Würden wir uns heute als Jugendliche noch so für Autos begeistern wie damals im Prä-Golf, als fahrbarer Schrott größte Faszination ausübte? Liegen heute Schönheit, Wahrhaftigkeit und wahre Leidenschaft im Restaurieren, Pflegen und Fahren von Classic Cars und Oldtimern? Für viele gewiss. Doch sobald der erste feuchte Modergeruch hinter grindigen Fußmatten aufsteigt, der Schraubenzieher im rostigen Holm verschwindet, mag man sich wieder nach einem modernen Opel GT sehnen, nach einem Honda S2000 (hoppla, den gibt es ja auch nicht mehr) oder wenigstens nach einem Mazda MX-5 oder Subaru BRZ/Toyota GT 86. Immerhin.

 

Autoindustrie Entwicklung Toyota GT 86

 

Symptomatisch für ein neues Aufbegehren gegen zu viel Marketinggelenktes, zu viel Bevormundung, zu viel Weltverbesserungstechnik und zu viel Elektronik sind Low-Key-Veranstaltungen, wie sie die Autorevue schon längst vorexerziert hat mit dem Spaßrennen WINTERHEIZEN 2006 ff., oder wie es jetzt so gelungen ablief beim Schrottauto-Marathon „24 Stunden Nordring“, nachzulesen ab Seite 102 in diesem Heft. Neuer Spaß mit altem Schrott.

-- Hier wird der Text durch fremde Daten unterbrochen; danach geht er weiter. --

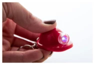 Plastic safety helmet shaped keyring with LED flashlight. With button cell battery.
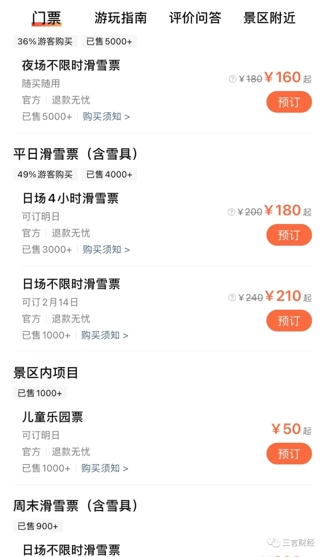 各大滑雪場依據時間場次,票價最低88元,最高為360元;用户若通過社交平台以團購方式購買,則可便宜幾十元。
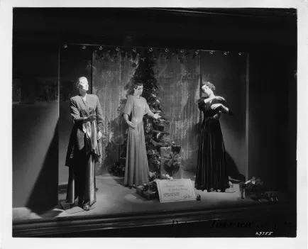 Print. Black and white photograph of the window display at Himelhoch's Department Store. Three female mannequins are expertly dressed in the latest style of hostess robes on Christmas morning. The advertisement in the foreground of the display reads, "Christmas Dreams of fabulous beauty, Luxurious Hostess Robes for Someone Special, fifth floor." Printed in the lower right corner of the recto is the photograph sequence number, "23755." Also, the date is hand-written on the verso, "Nov. 25, 1948."
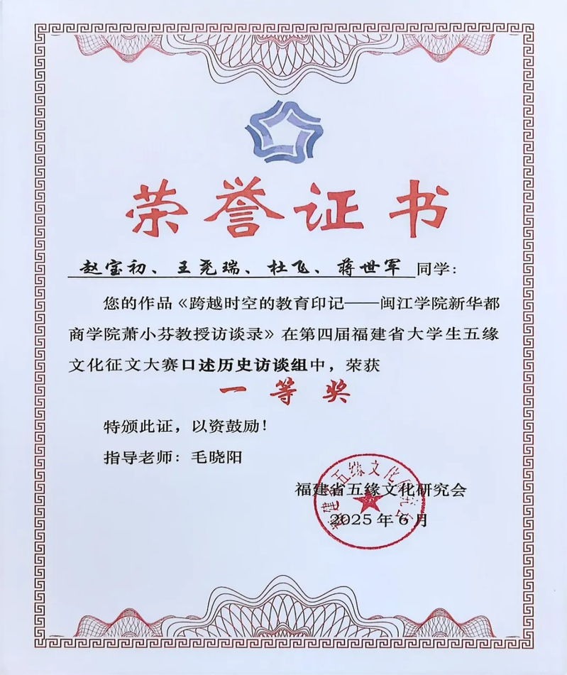口述历史访谈录组一等奖:《跨越时空的教育印记 -- 好色tv 新华都商学院萧小芬教授访谈录》
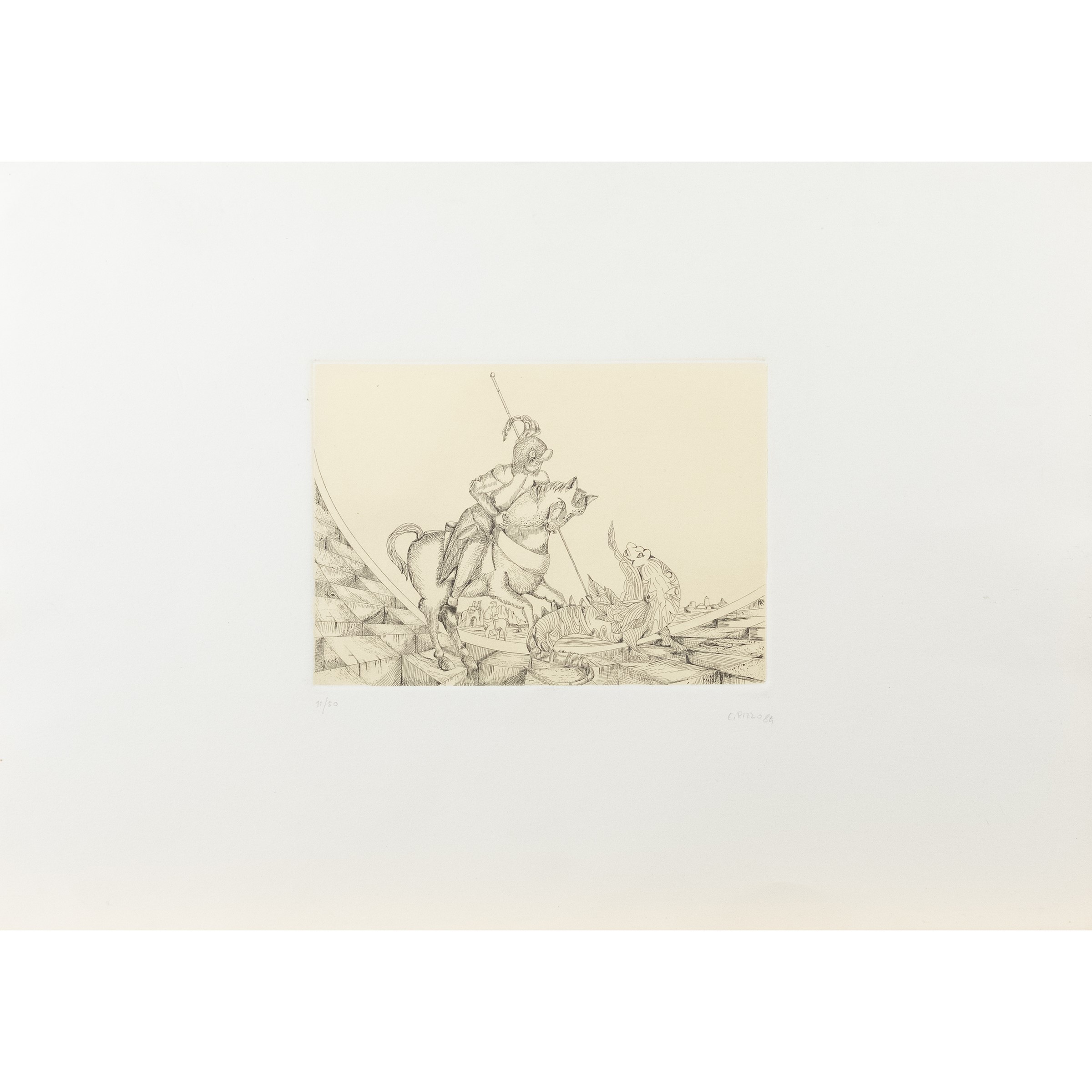 35x49,5 cm."Cavaliere e drago", 1984, acquaforte, es. 11/50, firmato "E. Rizzo" e datato in basso a destra, foglio libero
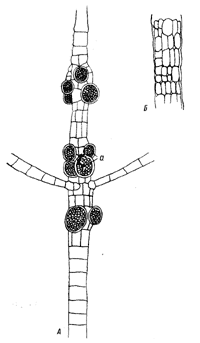 А — часть слоевища с одноклетными спорангиями (а); Б — нижняя часть нити Слоевище до 4 см высоты, в виде супротивно разветвленных нитей, главная ось многослойная, нити последнего порядка однорядные, слоевище членистое. Одноклетные спорангии до 33—38 мкм, развиваются группами, редко по 1—2, своими основаниями погружены в многослойные части слоевища. Растет в литоральных ваннах, на Palmaria.
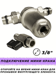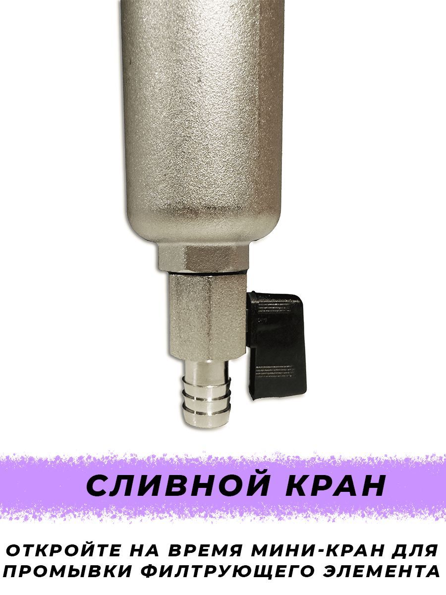 Принцип работы фильтров такого типа очень прост: вода под давлением поступает в корпус фильтра через входное отверстие, в которой уже установлен фирменный фильтрующий элемент механической очистки - съёмный фильтрующий картридж из нержавеющей стали с фильтрацией в 100 микрон. Далее вода просачивается сквозь фильтрующий элемент снаружи вовнутрь и выходит через второе отверстие, двигаясь дальше по разводке водопровода.

Dass wir auch den neuen Maseratis, Bugattis, Camaros und SLK 55 AMGs trotz aller notwendigen Grundsatz-Kritik immer noch mit Freude und Begeisterung begegnen können, dafür ist ebenfalls dieses Heft ein schlagender Beweis. Aber die Zeiten, als man ­Größer, Teurer, Stärker als nicht weiter hinterfragten Überlegenheitsbeweis abfeiern konnte, sind garantiert vorbei.